==== INFORMATION PROVIDED ====

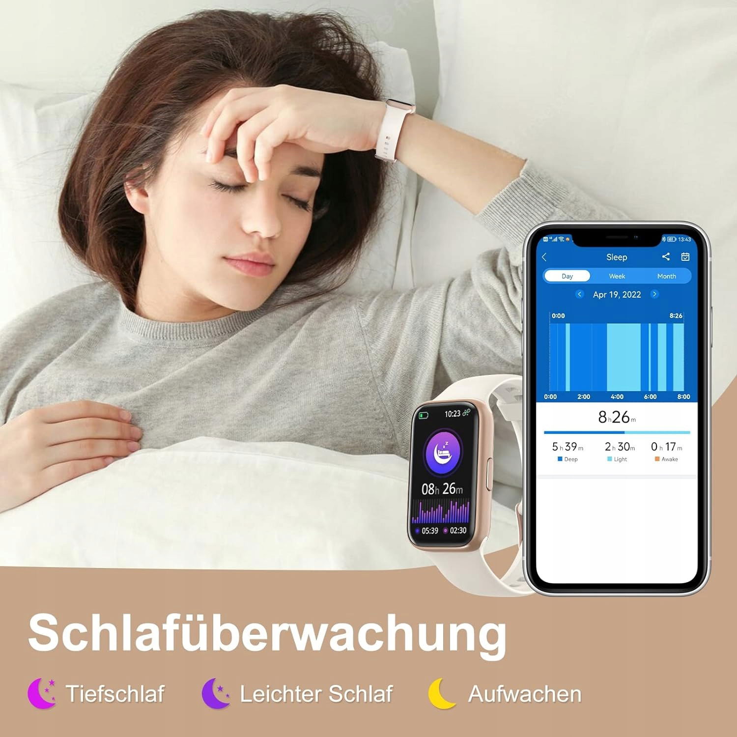 [Naturalny monitor snu] Między 20:00 a 12:00 zegarek fitness automatycznie monitoruje Twój sen podczas snu. Dzięki danym o głębokim i lekkim śnie możesz lepiej zrozumieć swoją sytuację podczas snu. Nawet jeśli budzisz się w nocy, możesz włączyć latarkę bezpośrednio na smartwatchu, aby się chronić.
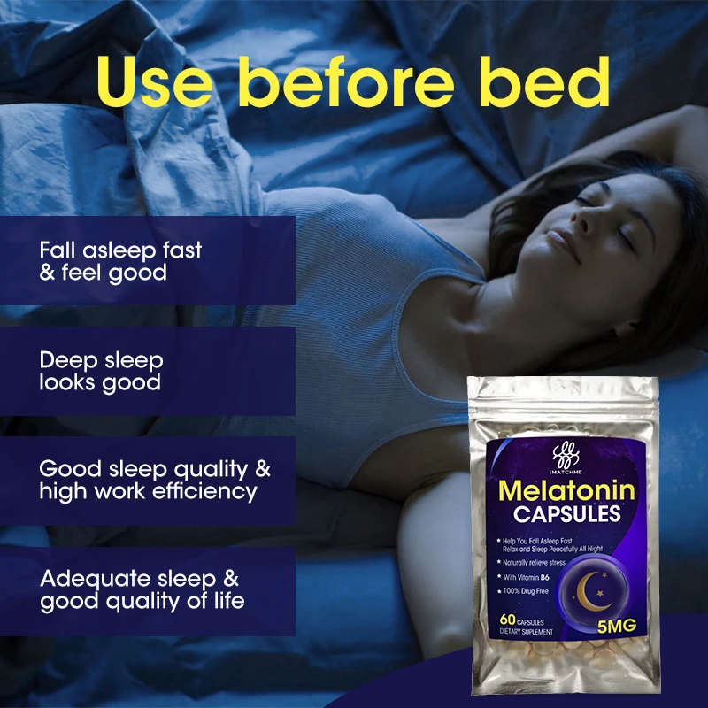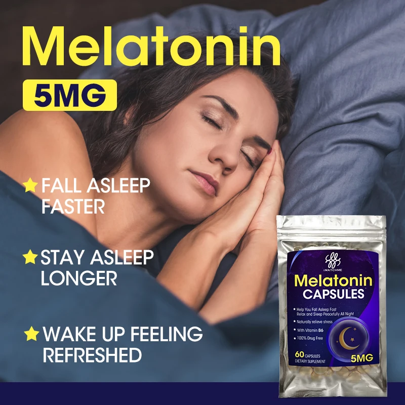 IMATCHME 5 мг Мелатонина капсулы витамин B6 Мелатонина Таблетки помогают глубокому сну сохранить бессонницу улучшить сон для взрослых здравоохранения
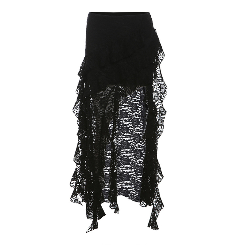 跨境欧美风新款女装独特设计黑色蕾丝波浪褶皱边半身裙
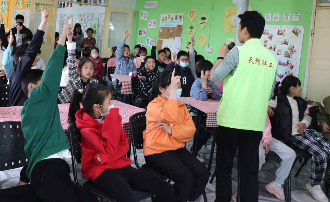 2023年3月12日上午,百户礼堂三楼综合活动室充满了孩子们的欢声笑语,在植树节这一天,天朗社工联动村委和村民志愿者一同开展一场“小树同心·友爱同行”植树节社区活动,现场招募邀请了许多在今年项目初期调研中挖掘出的新参与社工服务活动的孩子,用一场活动,让社工与孩子们相互认识、相互了解。

====

ABOUT THIS TASK
Each line of the data is to be duplicated exactly; pictures stay out of the copy.

REPLY
 [Naturalny monitor snu] Między 20:00 a 12:00 zegarek fitness automatycznie monitoruje Twój sen podczas snu. Dzięki danym o głębokim i lekkim śnie możesz lepiej zrozumieć swoją sytuację podczas snu. Nawet jeśli budzisz się w nocy, możesz włączyć latarkę bezpośrednio na smartwatchu, aby się chronić.
 IMATCHME 5 мг Мелатонина капсулы витамин B6 Мелатонина Таблетки помогают глубокому сну сохранить бессонницу улучшить сон для взрослых здравоохранения
 跨境欧美风新款女装独特设计黑色蕾丝波浪褶皱边半身裙
 2023年3月12日上午,百户礼堂三楼综合活动室充满了孩子们的欢声笑语,在植树节这一天,天朗社工联动村委和村民志愿者一同开展一场“小树同心·友爱同行”植树节社区活动,现场招募邀请了许多在今年项目初期调研中挖掘出的新参与社工服务活动的孩子,用一场活动,让社工与孩子们相互认识、相互了解。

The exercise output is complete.